Hahaha böyle insanlara karşı kendimi üstün görmek istemiyorum ancak nedense insanlar beni böyle düşünmeye itiyorlardı. Daha önce tanışmadıkları birilerini direk patronlarına göstermek hangi malın işidir ki bu? Bir dakika biz de Pykos'a böyle yapmıştık. Devletin gizli görevini sıradan insanlar gibi neredeyse anlatıyorduk. Fakat biz şu 5 hayduta göre Pykos'a karşı hala temkinliydik yani en azından ben öyleyim. Aynı zamanda şu 5 hayduta karşı da. Neyse ki yolda sorun çıkmamıştı. Sığınaklarına varıp kolayca içeri girmiştik. Normalde buraya girmek için ne kadar uğraşırdık. Aferin Ken gerçekten de iyi iş başardın. İlk görevime seninle çıktığıma sevinmiştim.

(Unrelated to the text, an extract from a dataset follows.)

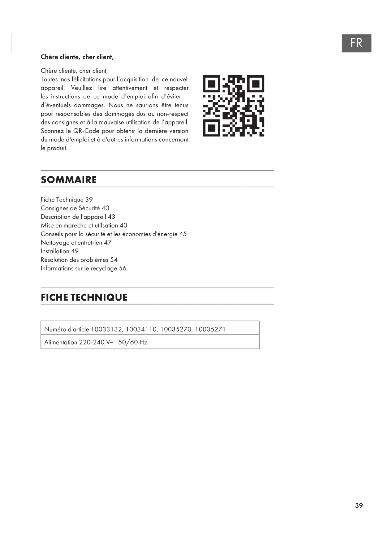 Fiche Technique 39 Consignes de Sécurité 40 Description de l'appareil 43 Mise en mareche et utilsation 43 Conseils pour la sécurité et les économies d'énergie 45 Nettoyage et entretrien 47 Installation 49 Résolution des problèmes 54 Informations sur le recyclage 56 FICHE TECHNIQUE Numéro d'article 10033132, 10034110, 10035270, 10035271 Alimentation 220-240 V~ 50/60 Hz Chère cliente, cher client, Chère cliente, cher client, Toutes nos félicitations pour l’acquisition de ce nouvel appareil. Veuillez lire attentivement et respecter les instructions de ce mode d’emploi an d’éviter d’éventuels dommages. Nous ne saurions être tenus pour responsables des dommages dus au non-respect des consignes et à la mauvaise utilisation de l’appareil. Scannez le QR-Code pour obtenir la dernière version du mode d'emploi et à d'autres informations concernant le produit. SOMMAIRE40

Fakat işler şimdi daha da zorlaşacaktı. Kurdun ininde artık her daim tetikte olmamız gerekiyor. Şimdilik sorun çıkmamıştı. İçerideki adamlara hikayemizi anlattıktan sonra onlarda bize inanmış gibi duruyorlardı. Ancak bizi bir odaya kapatmaları beni tedirgin etmişti. Diğerlerinin plan hakkında konuşması ise biraz da olsa bu tedirginliği benden almıştı. Şu an için tek yapmamız gereken beklemek olacaktı.

__________________

Statlar

Güç:5

Hız:7

Dayanıklılık:4

Refleks:4

 

Meyve:1  (Rp içinde bulunması amaçlanıyor)

Dövüş yeteneği: 2

Sun Team (hükümet)
Status: Offline
Posts: 16
Date:
Permalink   
 

Ken'in söylediği sözler beni etkilemişti. Aslında haklıydı. Bizim işimiz Aco'ydu yani öyle dolambaçlı bir plana gerek yoktu ama bende sadece işlerin yolunda gitmesini istediğim için plan yapalım demiştim. Yani aslında onların fikrini öğrenebilmek için sormuştum plan yapalım mı ? diye. Ve fikirlerinide öğrenmiş oldum diyebilirim. Şimdi aklımda tek bir soru var. Bu Aco buraya geldiğinde ne olacak ? Plan bozulmayarak devam mı edecek ? Yoksa Aco herşeyi anlayıp bize mi saldıracak ? Ben kendimi en kötüsüne hazırlayacağım ve hep birileri bize saldıracakmış gibi tetikte bekleyeceğim. Bakalım, önümüzdeki birkaç saate kadar gelir şu Aco-sama.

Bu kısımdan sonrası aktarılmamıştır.